Image: The molten salt test loop at Sandia National Laboratories’ National Solar Thermal Test Facility in Albuquerque, New Mexico. Credit: Sandia Labs licensed under CC BY-NC-ND 2.0

Renewables are great, but what happens when the sun doesn’t shine and the wind doesn’t blow? Batteries, right? Well, conventional battery technology has come far, but not far enough to store vast amounts of electricity for extended periods.

Enter Malta Inc, a US firm that’s among those working on a solution. Billing itself as “the future of energy storage”, it has developed a system that converts renewable electricity into heat and then reconverts it back into electricity when the sun is down or the wind isn’t blowing.

In charge mode, the system uses electricity to fire up a heat pump. The resulting heat is then stored in molten salt. In discharge mode, the system operates as a heat engine, using the stored warmth to produce electricity.

It’s nifty storage solutions like these that could help unleash the power of renewables, solving the so-called ‘intermittency problem’ of wind and solar.

 

Reinvented cement

A pilot in France is testing tunnel segments made of low-carbon concrete. Image: Ally Griffin

Our civilisation is built on the stuff. We live on it, walk on it and send our sewage down it. Versatile, cheap and easy to produce, cement is the most consumed material on Earth after water.

And it’s terrible for the environment, accounting for around eight per cent of global emissions.

Using less would be a good start, hence efforts to bring circular thinking into construction. Using alternatives is another idea gaining traction, cue the resurgence of timber. But the cement sector itself ultimately needs to clean up.

Doing the heavy lifting is Ecocem, an Irish startup that claims to have cut the carbon footprint of cement by around 95 per cent.

How? It uses slag – a waste product from the steel industry – as a substitute for clinker, which is the most CO2 intensive ingredient in cement.

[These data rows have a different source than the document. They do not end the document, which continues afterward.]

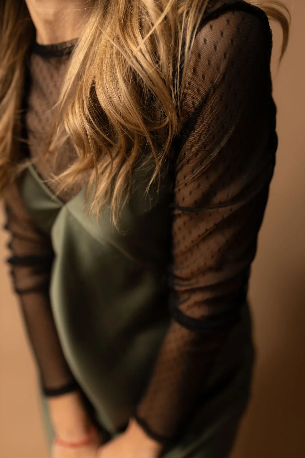 Caurspīdīgs tilla tops. Materiāls ļoti mīksts un patīkams ādāi – likrs sietiņš (audums no kura visbiežāk šuj apakšveļu).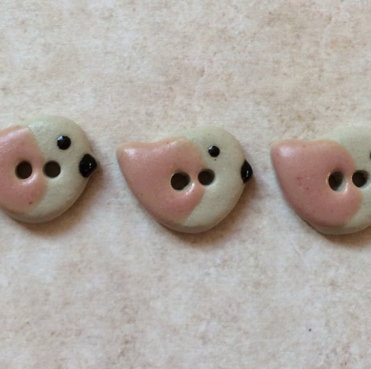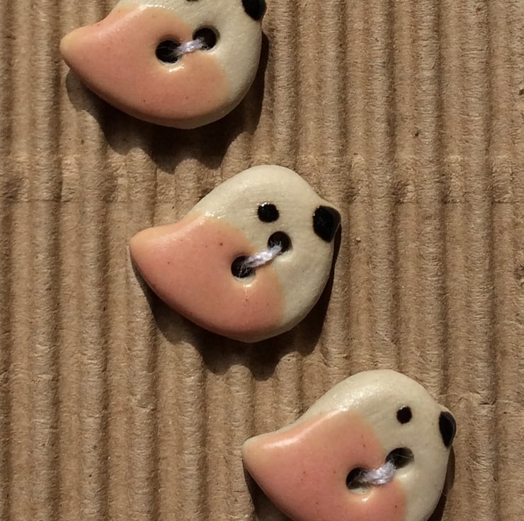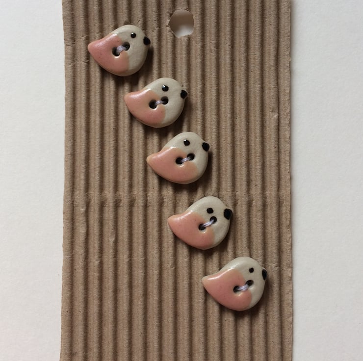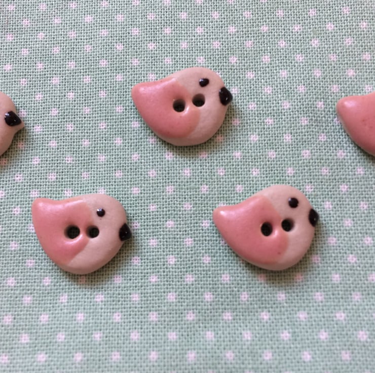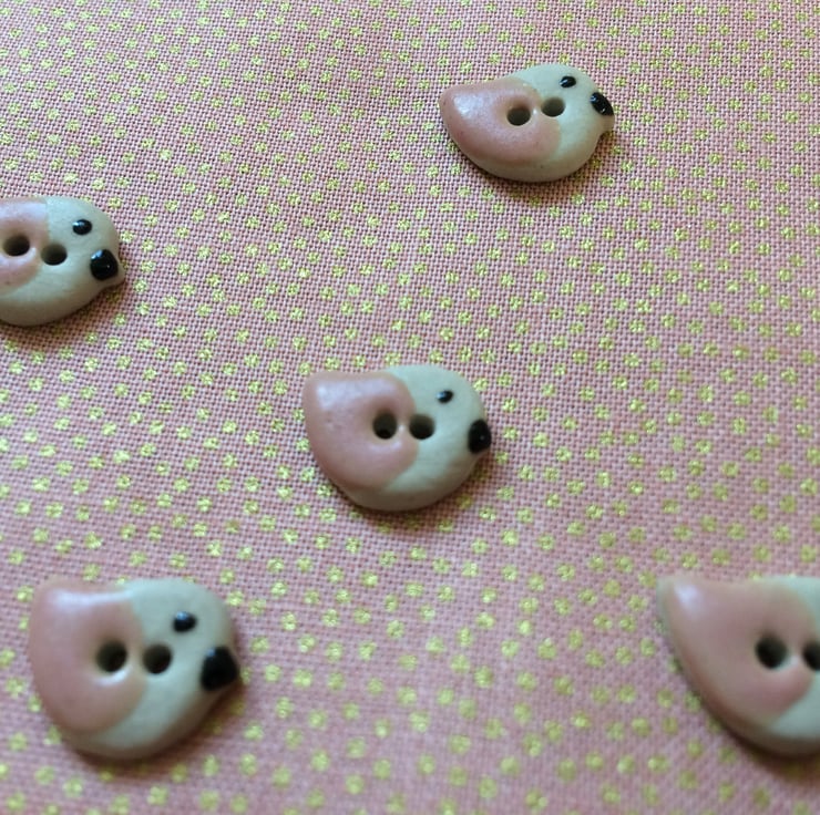 This set of 5 tiny ceramic baby pink bird buttons are handmade by Incomparable buttons in South Africa. The company provide a fair wage and good working conditions to help South African women support their families.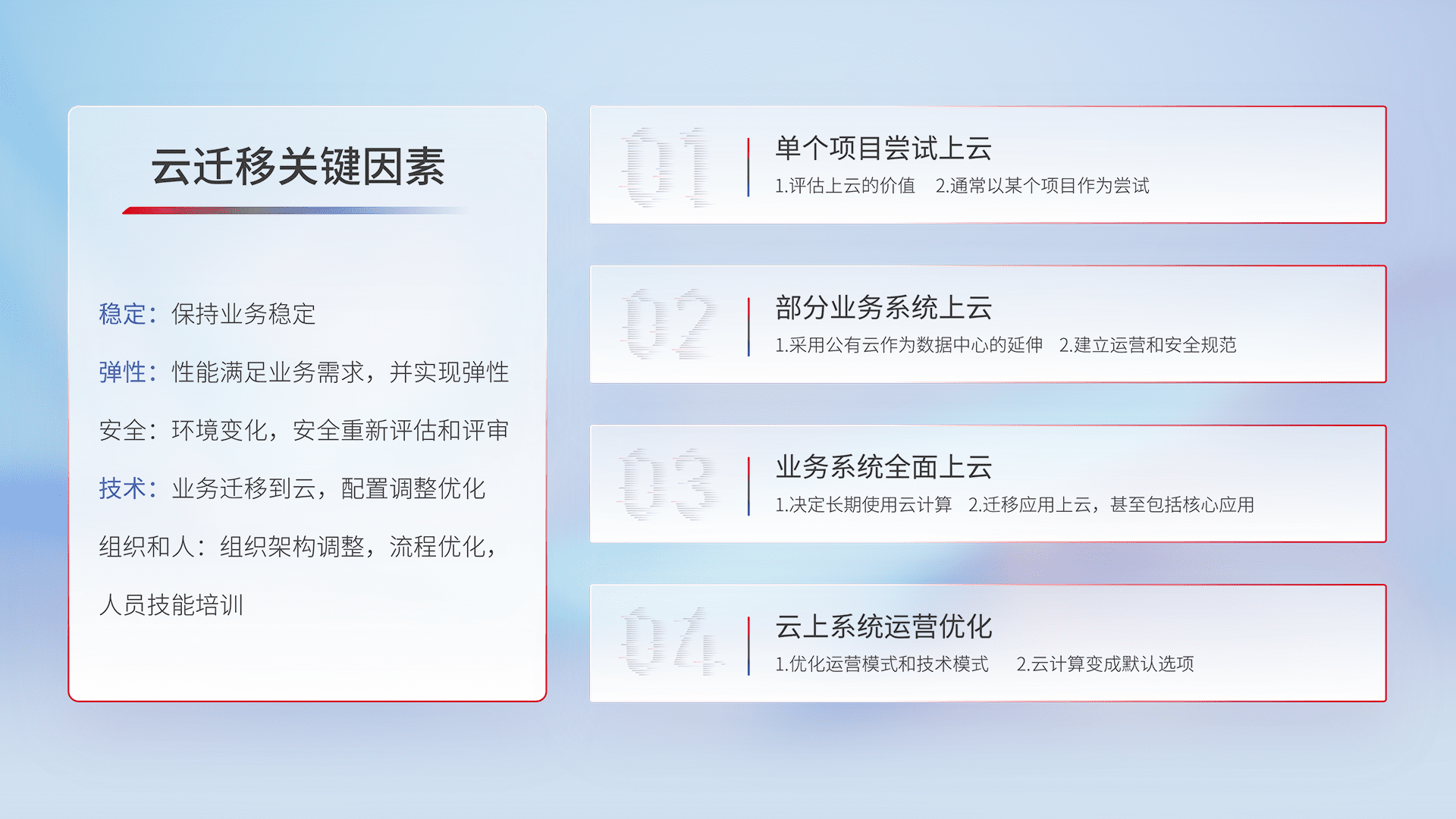 结合实际业务,,,,从规划设计、、、云平台选型、、、云原生改造、、数据迁移、、集成交付,,,迁移全过程为客户识别最佳上云路径,,,做好风险识别管理,,,设计网络架构、、、身份权限、、安全审计合规、、操作审计、、、日志审计、、监控告警策略、、、、多站点容灾设计等,,,,对云上基础设施进行整体规划,,提升IT治理水平,,以满足弹性、、、高可用、、高性能的需求。。。。

Any good? Well, the stuff is currently being used to build the Paris Metro extension, among other global infrastructure projects.

 

Limitless star power

Nuclear fusion energy: a jet interior with superimposed plasma

Image: Interior of the Joint European Torus laboratory in Oxford. Credit: UKAEA / EUROfusion

The concept alone is enough to bend your mind, but this technology is not the stuff of science fiction – it’s in development right now.

It’s best known as nuclear fusion, the process by which stars, like our sun, generate energy. While existing nuclear reactors employ fission to produce energy, fusion works by harnessing the heat released when atoms are fused.

The fuel required is two widely available isotopes of hydrogen – deuterium and tritium – and the fusing can be done in a facility the size of a shipping container.

The technology made a huge leap forward in February thanks to the Joint European Torus laboratory in Oxford, which smashed its own record for the amount of energy extracted from the process, and in May scientists updated a ‘foundational principle’, meaning it could provide even more power than previously thought. Nobody knows when it will be commercially viable, but mastering fusion could literally save humanity from climate change.

 

Tidal sequestration

Found naturally in places like Hawaii, olivine could help slash emissions. Image: Lance Asper

A beautifully simple solution by US nonprofit Project Vesta could sequester millions of tonnes of carbon while reducing ocean acidification – by simply scattering sand on beaches.

This is not just any sand, this is olivine, which dissolves CO2 as it’s broken down by the waves – a natural process known as chemical weathering. As a bonus, a byproduct is bicarbonate, which adds alkalinity to the water.

Olivine is found naturally in places like Hawaii. US-based Project Vesta is conducting a pilot study in the Dominican Republic to see how scattering it on beaches impacts the local ecology, if at all.

If olivine is deployed on just 0.25 per cent of global shores, Project Vesta reckons it could remove 1bn tonnes of CO2 from the Earth’s atmosphere.